I got the strangest feeling inside of me like I do when anybody cries, and I wanted to help him stop crying and didn't know what to do.

"'Smatter?" Dragonfly said, and Tom said, "I want to go home!"

"'Smatter?" Circus said, "Are you sick?"

"Yeah, what's the matter?" Poetry's duck-like voice squawked, but Little Jim was a smart little guy and he said, "He doesn't feel well. Let's all take him home."

"I'll go b-b-by m-m-myself," Little Tom said, and started back into the cave, but I knew it was too dark for him to see, so I grabbed his arm and pulled him back. "We'll all go with you."

"But we wanted to see Old Man Paddler," Dragonfly said, "What's the use to go home? I want some sassafras tea."

"Keep still," I said, "Tom's sick. He ought to go home." I knew Little Tom was terribly embarrassed, and that he'd be like a little scared rabbit if we took him into Old Man Paddler's cabin now.

We must have made a lot of noise talking 'cause right that minute I heard Old Man Paddler's voice up there calling down to us, "Wait a minute, boys! I'll be right down...."

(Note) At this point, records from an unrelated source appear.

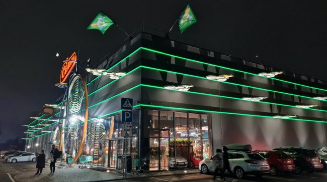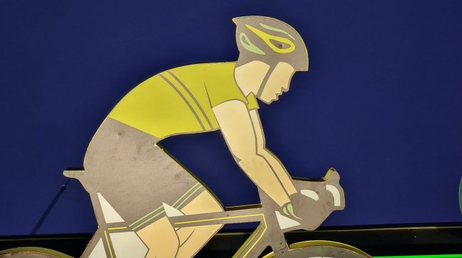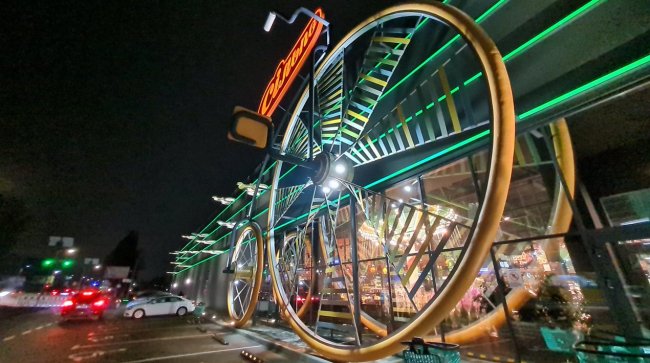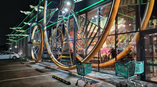 Ждал открытия нового магазина с огромной рекламной конструкцией из древнего велосипеда на фасаде. Велосипедисты появились на нем значительно раньше и интриговали местных пару месяцев. Я тоже гадал — что за велосипедный супермаркет открывается в наших краях. Снимки ночью выглядят даже эффектнее, чем днем. А велосипеды оказались частью концепции магазина, где внимание уделено зеленым технологиям (рядом есть паркинг с зарядками для электрокаров и фонари с солнечными панелями) и переработке мусора, которую и символизируют все эти окружности. У фигур велосипедистов есть фонари подсветки, что позволяет их снимать ночью с зумом как днем. Обратите внимание на серое небо на снимке с велосипедом на столбе — в реальности оно, конечно, черное, как и положено ночью, но так работают алгоритмы повышения динамического диапазона. Серое ночное небо — отличительная особенность ночных снимков, сделанных смартфоном сегодня.
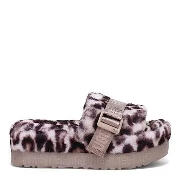 Show moreExperience the height of comfort and style with these unique UGG Fluffitas. Crafted with precision, these slippers feature a printed sheepskin upper that exudes luxury while ensuring your feet stay warm and fashionable. The innovative webbing vamp strap showcases the iconic UGG graphic logo, blending aesthetics with utility. Inside, a sumptuous 10mm curly sheepskin lining and insole cradle your feet, providing unparalleled softness, making every step feel like walking on clouds.
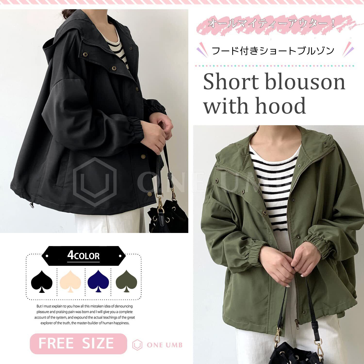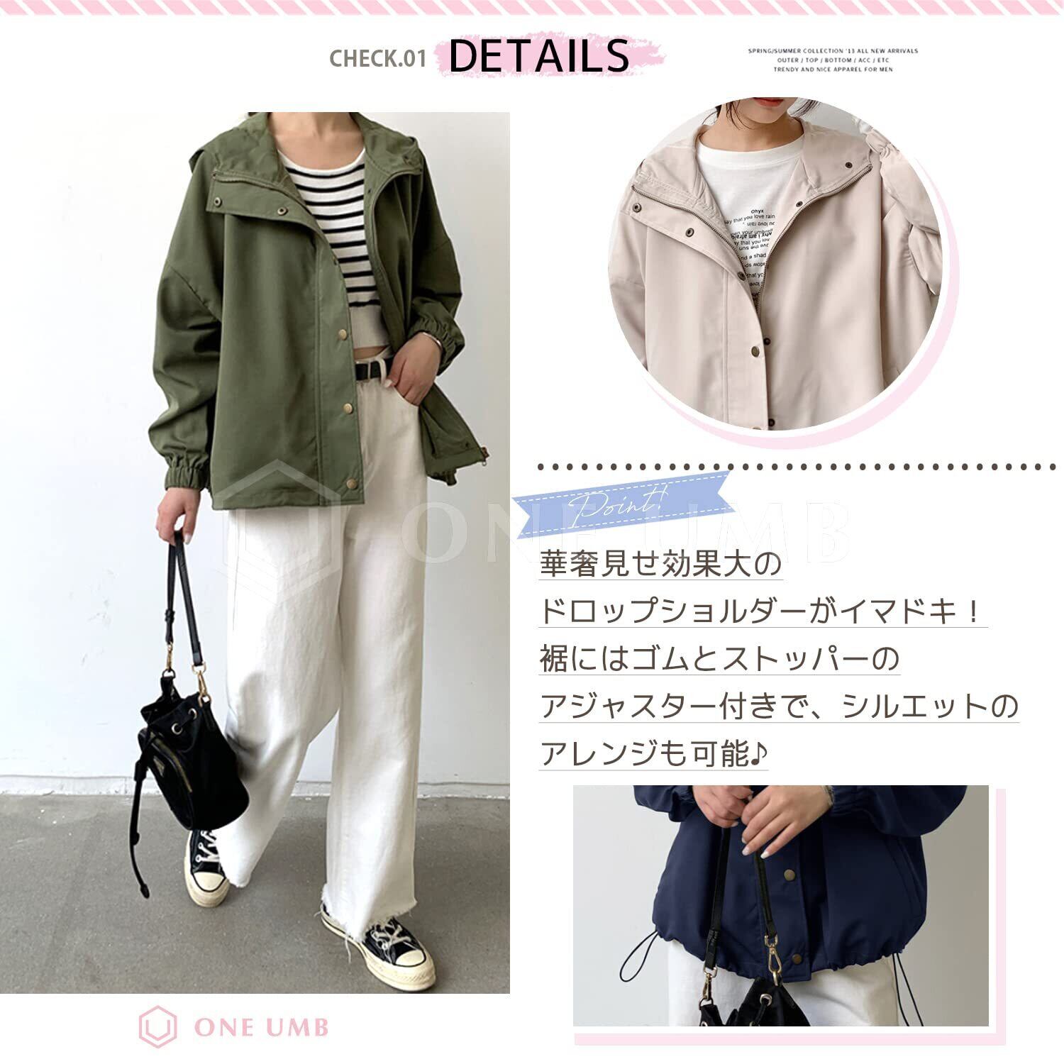 大人可愛いフード付きショートブルゾン! 華奢見せ効果大のドロップショルダーがイマドキ!大人のカジュアルスタイルにピッタリのショートコートです。 軽くてコンパクトなので持ち運びにも便利です。春秋の肌寒い日のお出かけでも安心。 裾にはゴムとストッパーのアジャスター付きで、シルエットのアレンジも可能 どんなアイテムともマッチするコーディネートのしやすが魅力です。

Well, it would have been impolite to run away now, and so I whispered to Tom, "Me and Little Jim are the only ones who heard him praying and—and we—we like you anyway." I gave Tom a kinda fierce half a hug around his shoulder, just as I heard Old Man Paddler's trap door in the floor of his house opening, and a shaft of light came in through the crack in the door right in front of us.... In a jiffy our door would open too, and we'd see that kind old long whiskered old man, with his twinkling grey eyes, and pretty soon we'd all climb up the cellar steps and be inside his warm cabin with a fire crackling in his fireplace and with the teakettle on the stove for making sassafras tea, and the old man would be telling us a story about the Sugar Creek of long ago....

All of a sudden, I got the strangest warm feeling inside of me, and I felt so good, something just bubbled up in my heart.... It was the queerest feeling, and made me feel good all over, 'cause right that second one of Little Tom's arms reached out and gave me a very awkward half a hug real quick, like he was very bashful or something, but like he was saying, "You're my best friend, Bill.... I'd lick the stuffin's out of the biggest bum in the world for you, in fact I'd do anything."

But his arm didn't stay more'n just time enough for him to let it fall to his side again, but I knew he liked me a lot and it was a wonderful feeling.

Right that second, I heard the old man lift the bar on the big wooden door, and push it open, and real bright light came in and shone all over all of us, and the old man said, "Well, well, well, well, the Sugar Creek Gang! Come on in, boys, we'll have a party."

A jiffy later, we were all inside his cellar, and scrambling up his cellar steps into his warm cabin.